Średnio mi się widziało lepić takie paluszki, ale akurat po innym wypieku zostały mi 2 białka, więc kapitulowałam.
W sumie słusznie - dziecku bardzo podeszły. Idealne do małej rączki, której właściciel po troszku je sobie podjada :)
Zbyt krótko je wyrabiałam - czekolada powinna mieć czas rozgrzać się od ciepła dłoni, żeby zdążyła się rozpuścić. Ale - przyznaje uczciwie - po mozolnym tarciu całej tabliczki nic więcej mi się nie chciało. Wyglądają bardziej jak pieguski niż paluszki czekoladowe, ale mam nadzieję, że będziecie mieć do tego więcej cierpliwości i wasze paluszki będą całe brązowe.
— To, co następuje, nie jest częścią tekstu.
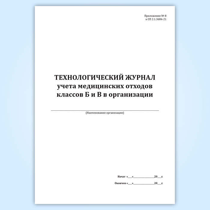 Технологический журнал учета медицинских отходов классов Б и В в организации в Рошале купить

Jeśli chcecie bardzo słodkich paluszków - użyjcie mlecznej czekolady. Ja użyłam gorzkiej. Do tych paluszków nie ja dodaje cukru, więc cała słodycz pochodzić będzie właśnie z czekolady.
Paluszki czekoladowe
(15- 30 szt. zależnie od grubości i długości)
- 2 białka,
- 1 i 1/3 szkl. mąki pszennej (ok. 220g),
- 50 g masła,
- łyżeczka cukru waniliowego,
- tabliczka gorzkiej czekolady (100g)
Czekoladę zetrzeć na tarce o drobnych oczkach.
Mąkę, białka, masło, cukier waniliowy zagnieść. Dodać do ciasta czekoladę i zagnieść jeszcze raz, aż całość dokładnie się połączy.
Kulać cienkie paluszki, układać na blasze wyłożonej papierem do pieczenia.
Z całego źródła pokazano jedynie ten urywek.